Retrieval-enhanced text generation
has two main features:
It is still the old saying: "Knowledge has no limit, but the model has no limit, and if there is a limit, it will follow the limitless!" It is an inevitable trend in the development of NLP to combine lightweight models with retrieval to create an Open System!
Paper title
A Survey on Retrieval-Augmented Text Generation
Author institution
Huayang Li,Yixuan Su,Deng Cai,Yan Wang,Lemao Liu
Thesis unit
Nara Institute of Science and Technology, University of Cambridge, The Chinese University of Hong Kong, Tencent AI Lab
Paper link
https://arxiv.org/abs/2202.01110
Formalized:
sparse-vector retrieval: such as TF-IDF, BM25, etc., mainly for relevance matching.
dense-vector retrieval: dual/cross-encoder, etc., mainly semantic matching.
task-specific retrieval: The first two methods are independent of end-task, but in fact, it is not enough to judge the reference value of only by the similarity between and , so you can consider unifying retrieval and end-task , train a task-dependent retriever.
With the retrieval results, how can they be used to enhance the language model?
`Skeleton : A sentence template that can express the general meaning (a part of a whole utterance with irrelevant content masked )
There are two types of dialogue systems: chit-chat and task-oriented. Here we focus on chit-chat:
Generally speaking, there are two technical routes for dialogue:
Shallow Integration: Integrate retrieved instances and dialogue history through encoder, etc.
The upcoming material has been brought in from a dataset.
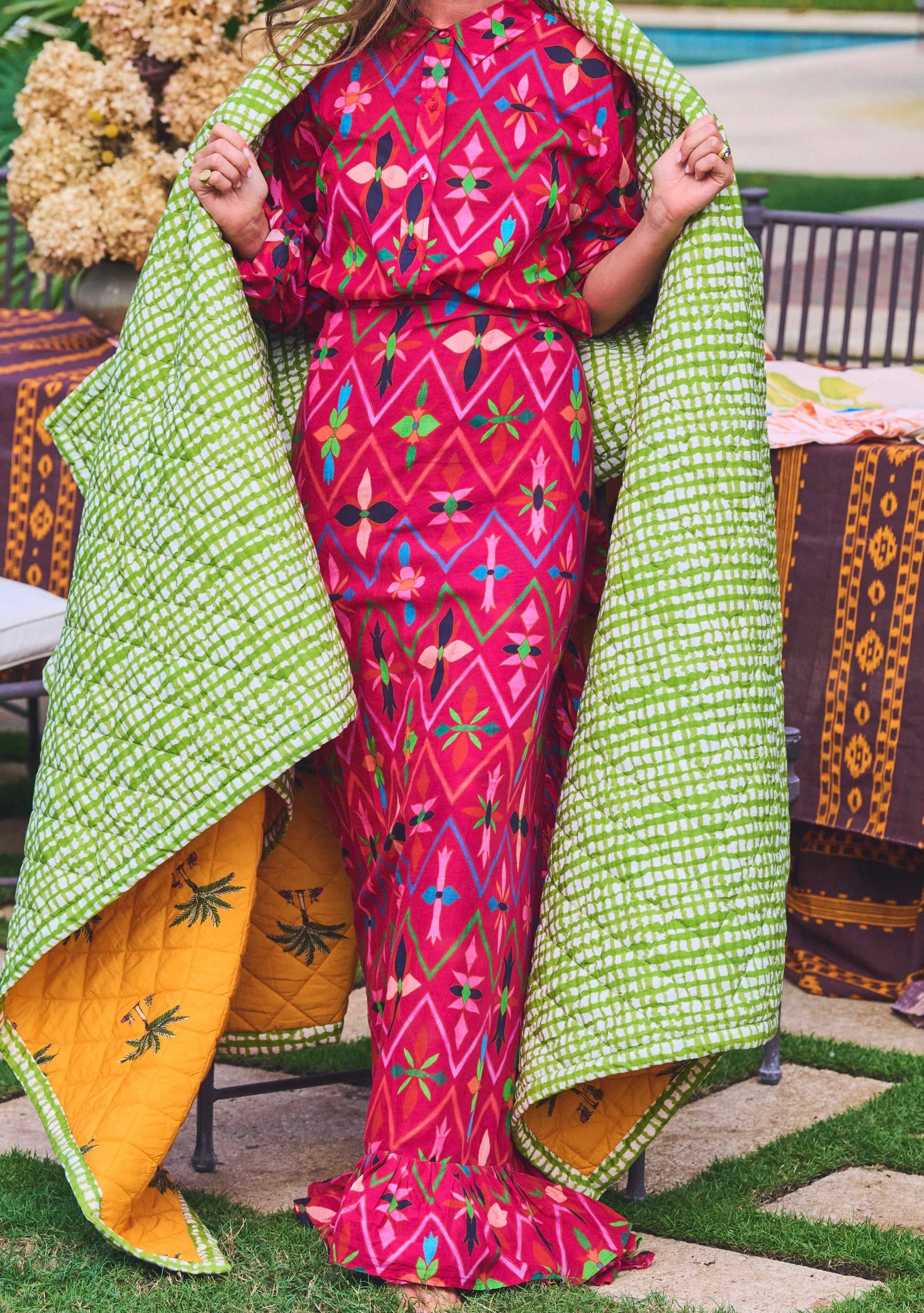 If you know, you know. We updated the classic Pareo with the shirred dramatic ruffle that makes it the most cha cha cha item you will own! Shop it in 100% silk or 100% cotton gauze for totally different end uses but totally amazing. You will be able to wear this as an easy beach skirt or dressed up for evening, depending!

Deep Integration: Generally speaking, the skeleton is first extracted from the retrieval results, and then the skeleton is used to enhance the output response.
Knowledge-Enhanced Generation: It is not necessary to only retrieve conversations. This method uses external knowledge (such as knowledge bases, knowledge graphs, etc.) for generation enhancement (Knowledge-grounded dialogue response generation).
The current retrieval-enhanced dialogue system has the following Limitations:
Retrieval-enhanced machine translation generally refers to technologies related to translation memory (TM).
SMT mainly consists of three parts: phrase table extraction, parameter tuning and decoding. Translation memory (TM) can play a role in each part.
Only use retrieval data in Inference: In the inference process, rewards are given to some specific target words based on yryr, such as increasing the probability of specific vocabulary generation.
sentence-level : Judge the amount of reward based on the sentence-level similarity. For example, the more similar is to , the higher the sampling probability of certain words in .
token-level : Judging the size of the reward based on the similarity of the token level. For example, the more similar is to , the higher the sampling probability of .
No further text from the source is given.